After its creation, the AFU allied with other Arab feminist associations. The AFU's main priority was to achieve gender equality, but members also dedicated their efforts to enhancing and spreading nationalism across all Arab countries. In addition, the AFU worked actively to promote an exchange of ideas across regions. The AFU provided a platform for feminists from Egypt, Palestine, Syria, Jordan and Iraq to fortify strategies against patriarchy and state authority across borders. Then, in 1945, the AFU published Al-Arabiya, the first Pan-Arab women's journal.

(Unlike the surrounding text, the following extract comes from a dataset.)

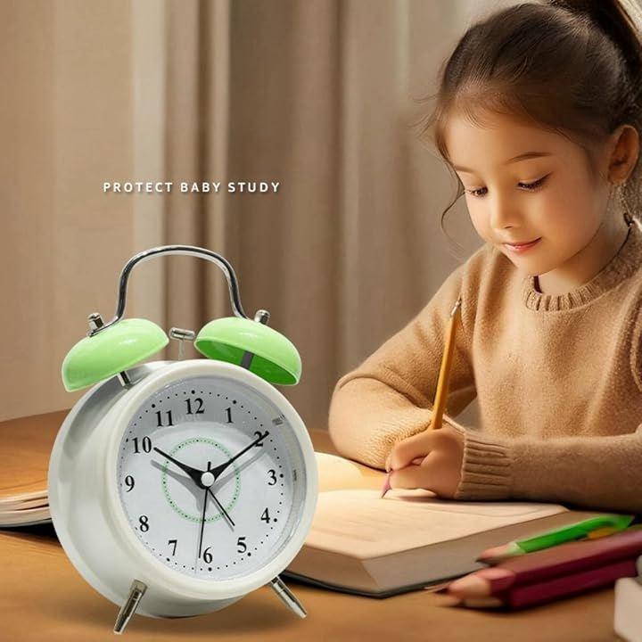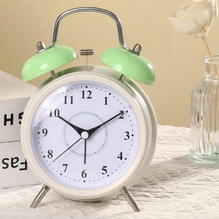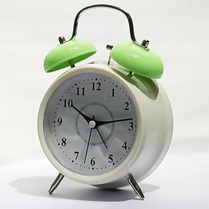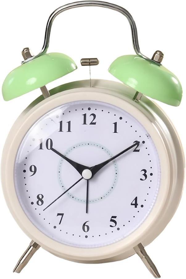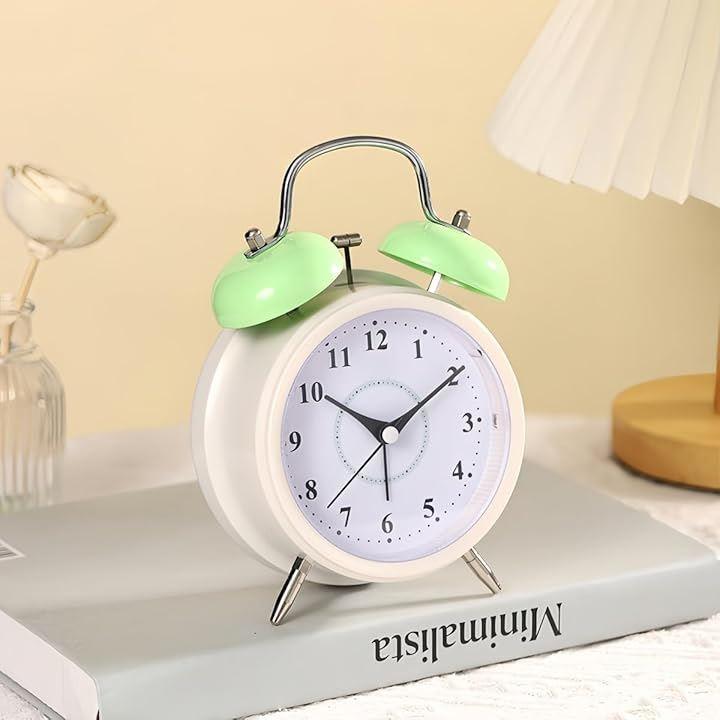 このアナログでおしゃれな目覚まし時計は、双鈴を持っているため、ハンマーが左右のベルを叩きます。

== Challenges and decline ==
During the 1950s and 1960s, newly independent Arab states adopted centralized, often authoritarian political systems that tightened control over civil society and voluntary associations, including feminist organizations. During this period, the AFU was temporarily required to operate under the name "Arab Women's Union" in order to avoid official scrutiny of the term "feminism." Government officials viewed the term "feminism" as politically subversive due to its perceived association with Western influence and opposition movements. Many national chapters were restricted to providing social services or reframing their activities in accordance with their respective state's political agendas.
After the 1952 Egyptian Revolution, Egypt gained semi-autonomy. As Egypt's economy shifted toward a more capitalist structure, increased competition and restructuring of the labor market limited many women's access to paid employment. These changes intensified class differences between upper and lower income women and prompted new forms of feminist activism that criticized social conservatism and the economic policies that marginalized women workers. The post-revolutionary period resulted in the first prime minister and later president of Egypt, Gamal Abdel Nasser. Under Nasser's regime, state consolidation policies required female associations to be registered, monitored, and controlled. Furthermore, mobility narrowed as representatives needed visas to attend conferences.

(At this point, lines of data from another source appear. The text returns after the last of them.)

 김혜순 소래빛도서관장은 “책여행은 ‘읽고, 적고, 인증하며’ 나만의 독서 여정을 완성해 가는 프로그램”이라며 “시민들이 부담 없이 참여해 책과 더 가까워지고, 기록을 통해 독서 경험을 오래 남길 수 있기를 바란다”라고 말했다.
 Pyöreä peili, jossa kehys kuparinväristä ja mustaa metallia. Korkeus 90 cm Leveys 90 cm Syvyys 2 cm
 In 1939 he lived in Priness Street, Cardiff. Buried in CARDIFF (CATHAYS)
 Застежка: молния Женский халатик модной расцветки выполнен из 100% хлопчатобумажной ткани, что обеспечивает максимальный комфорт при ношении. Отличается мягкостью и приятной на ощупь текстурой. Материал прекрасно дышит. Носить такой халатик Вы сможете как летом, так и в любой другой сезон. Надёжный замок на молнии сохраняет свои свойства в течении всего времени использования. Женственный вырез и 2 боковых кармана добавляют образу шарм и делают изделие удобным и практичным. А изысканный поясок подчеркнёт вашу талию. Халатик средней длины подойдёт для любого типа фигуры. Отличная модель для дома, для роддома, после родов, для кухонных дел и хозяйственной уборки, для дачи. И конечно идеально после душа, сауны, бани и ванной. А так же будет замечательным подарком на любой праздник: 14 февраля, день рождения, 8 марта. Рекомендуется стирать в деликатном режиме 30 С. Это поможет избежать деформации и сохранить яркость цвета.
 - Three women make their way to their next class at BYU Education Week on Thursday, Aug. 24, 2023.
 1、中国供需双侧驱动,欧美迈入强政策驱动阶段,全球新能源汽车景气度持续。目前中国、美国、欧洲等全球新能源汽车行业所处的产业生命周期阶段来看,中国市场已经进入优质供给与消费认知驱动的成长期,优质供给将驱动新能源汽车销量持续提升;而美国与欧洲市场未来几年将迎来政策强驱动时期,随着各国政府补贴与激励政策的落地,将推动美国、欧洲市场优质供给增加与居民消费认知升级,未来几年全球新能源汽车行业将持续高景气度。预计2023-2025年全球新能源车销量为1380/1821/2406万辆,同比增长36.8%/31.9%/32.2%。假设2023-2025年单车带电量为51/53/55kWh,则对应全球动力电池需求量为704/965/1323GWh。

In 1956, the Egyptian government forced the closure of the EFU. The AFU moved its headquarters from Cairo to Beirut, Lebanon. Without the leadership and institutional support of the EFU, the AFU could not effectively sustain its operations in Beirut and ultimately declined over time.

== Impact and legacy ==
The AFU had a lasting impact on Arab feminist organizing by helping to institutionalize regional networks and forms of women's public expression.

As part of a broader feminist genealogy in which writers and activists, since the 19th century, had used salons, journals, writing and poetry to advocate women's rights and to reinterpret cultural heritage, the AFU continued these efforts by participating in a longer history of women's print culture.

Figures like Hind Nawfal founded some of the earliest women-edited newspapers in Cairo. By the 1970s and 80s, the print tradition generated by AFU's journal Al-Arabiya had normalized women's authorship, leading to the formation of women-run publishing houses, like the Arab Women's Solidarity Association Press in Cairo and Gada Samman Press in Beirut. The growing ecosystem of women-edited newspapers, magazines, and later women-run publishing houses gave activists scattered across colonial and national borders a common textual space while supporting a growing readership of women's writing.

The AFU created one of the earliest Pan-Arab feminist frameworks. The regional organizational model created by the union allowed members to respond to patriarchy and state authority from a nationalist and feminist point of view. Its activities expanded and unified the Arab feminist movements and created widespread optimism that such an organization could accelerate women's political and economic standing, during an era of decolonization. The AFU helped to solidify a regional feminist identity that continued to influence later organizations, like the Arab Women's Solidarity Association in the 1980s. Although the AFU was later disbanded by state consolidation of the authoritarian Egyptian regime, scholars view the AFU as a precedent to the modern transnational Arab feminist initiatives, with its early efforts to decolonize feminist praxis continuing to influence Pan-Arab feminist solidarity.